Perplexity gauges the intricacy of the text, while burstiness compares the diversity of sentence structures. Predictability, on the other hand, measures how likely it is for someone to anticipate the next sentence. Human writers often infuse their writing with burstiness, blending longer, complex sentences with shorter ones. In contrast, AI-generated text tends to exhibit more uniformity.
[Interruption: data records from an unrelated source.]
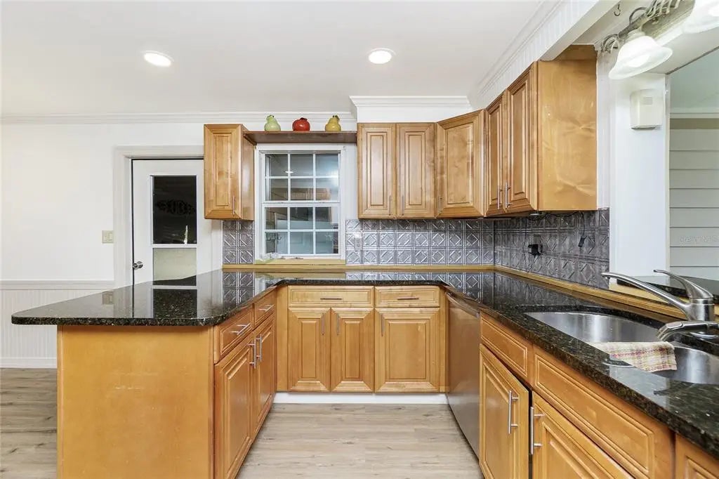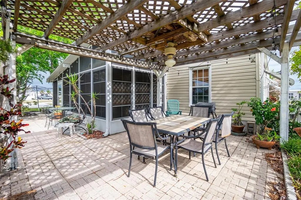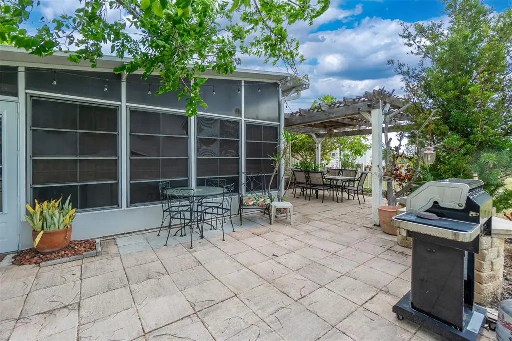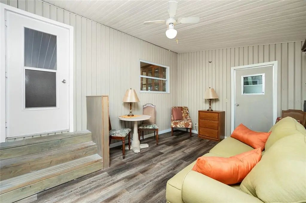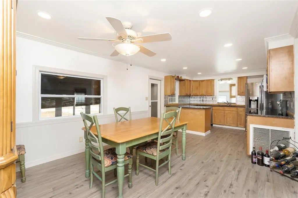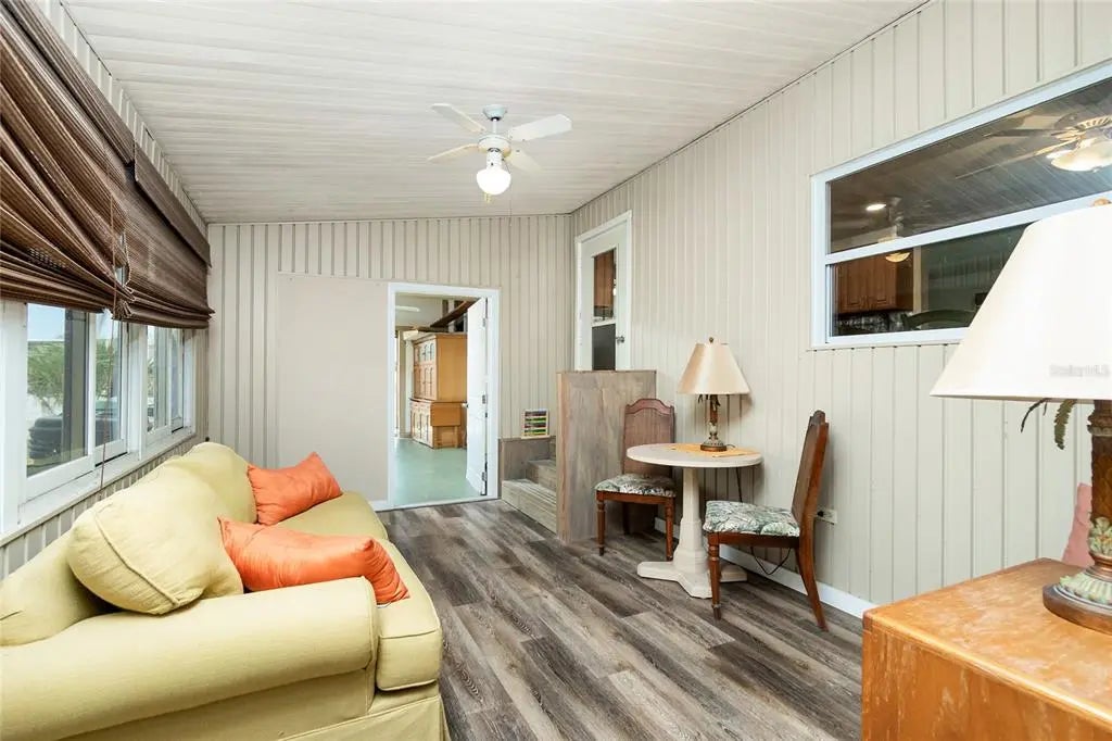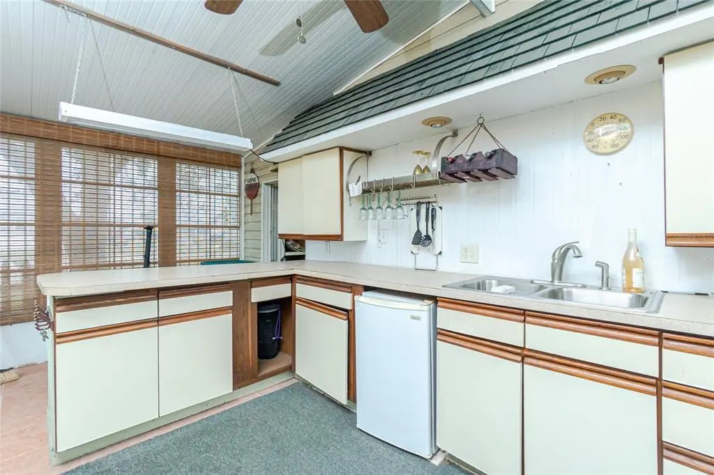 This gem offers an exquisite blend of comfort, style, and convenience. This home offers 2 bedrooms, 2 baths, 2 KITCHENS and in addition to the living room you have a FAMILY ROOM and a DEN. The high ceilings create a sense of spaciousness, making your home feel grand and open. The KITCHEN OFFERS MODERN UPGRADES that enhance both style and functionality which include a decorative backsplash, modest breakfast counter, lots of cabinets for storage, GRANITE COUNTERTOPS and STAINLESS STEEL APPLIANCES, PANTRY CLOSET. Here you will have your choice of sitting areas between a formal living room, family room or den area. The large master suite has a large closet and an ensuite bathroom with shower. The spacious guest bedroom has double wall closets and offers a private exit to the Lanai and patio which is sure to please visiting friends and family. The guest bath has a vanity with a sufficient amount of counter space and a step-up shower. There is an attached utility room that houses the laundry facility, separate workshop, den and storage areas. The possibilities are endless whether you’re looking for a workshop, craft room, storage area or den, here you will find plenty of options to make it your own space. Furniture in the home will stay. Experience unparalleled peace and privacy at this one-of-a-kind lanai and outdoor space featuring a second kitchen giving you the ability to prep, cook and host at the same time making your backyard and lanai much more usable. Having this type of kitchen area makes entertaining more fun for both you and your guests. Instead of having to prepare food indoors while guests enjoy the outdoors, you can be a part of fun. OTHER UPDATES INCLUDE: ROOF (2023), some new SUBFLOORS, LAMANITE FLOORING, VAPOR BARRIER ( 3 Years Old). FINISHED WALLS & CROWN MOLDING. The Village of Holiday Lake offers an array of resort-style amenities. The expansive clubhouse with a full kitchen serves as the focal point for community gatherings, dinners and dances. The Village boasts 25+ boat slips, beautiful pool area with 2 pools and BBQ area. In addition you will find a craft room, FITNESS CENTER and laundry facility along with areas for woodworking, tennis, PICKLEBALL, shuffleboard and more. GOLF CARTS WELCOME. The outdoor enthusiast in you will love the closeness of boating and fishing from the COMMUNITY DOCKS and BOAT RAMP. You will also find several Gulf Shore Beaches close by. The foodie in you will love the local delights like Gerry’s Tiki Hut, TT’s Tiki on the Water and the Sandbar Tiki & Grill all of which can be accessed by boat or by car. The Village is perfect for year round living or a winter get away spot.
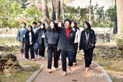 화천군 공직자들의 소통 활성화와 공감대 형성을 위한 ‘한걸음 소통:맨발 톡톡’ 간담회가 화천 붕어섬 황톳길에서 최문순 군수를 비롯한 직원들이 참석한 가운데 열렸다.
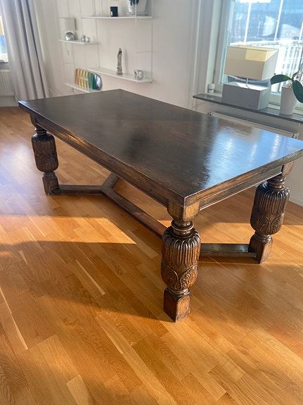 Antikt träbord med snidade ben
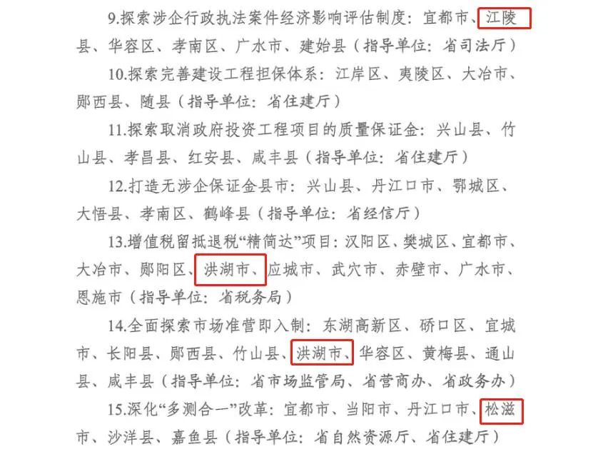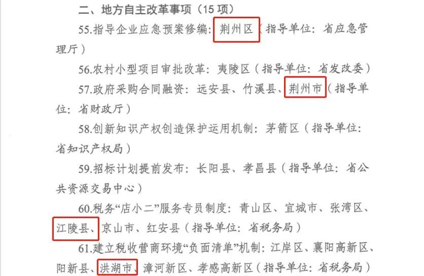 地方自主改革事项(荆州有5项)

Therefore, in creating the following content, I need to emphasize a considerable amount of perplexity and burstiness while keeping predictability to a minimum. Additionally, the content should be exclusively in English.
During a panel discussion at the 2019 MIT Bitcoin Expo, Gary Gensler publicly criticized the United States securities regulator for its “inconsistent” approach to approving spot Bitcoin ETFs. This critique emerged from a resurfaced video of Gensler from 2019, which has recently regained traction on social media. In the video, Gensler, who was not yet the SEC Chair, engaged in a fireside chat with Hester Peirce, a United States Securities and Exchange Commission Commissioner, discussing blockchain regulation.
Gensler expressed his concerns, stating, “Bitcoin futures, Ethereum futures, and others will exist, but Bitcoin ETFs have not, and that feels a bit inconsistent to me. Even though the laws governing them aren’t exactly the same, they are quite similar.” This statement garnered attention, particularly on Twitter, where the crypto community highlighted the contrast between Gensler’s past views and the SEC’s current stance on spot Bitcoin exchange-traded funds (ETFs).
To date, the SEC has exclusively granted approval for Bitcoin and Ether futures ETFs. Since as far back as 2017, the SEC has consistently rejected applications for spot Bitcoin ETFs, a tradition that has persisted during Gensler’s tenure. Gensler has cited concerns about market manipulation protections as the reason for denying, delaying, or pushing back recent spot Bitcoin ETF applications. Notably, Gensler’s SEC faced legal action from asset manager Grayscale for rejecting its request to convert its existing Bitcoin trust into a spot ETF. The court ultimately ruled that the SEC’s rejection was “arbitrary and capricious,” a decision the SEC chose not to appeal.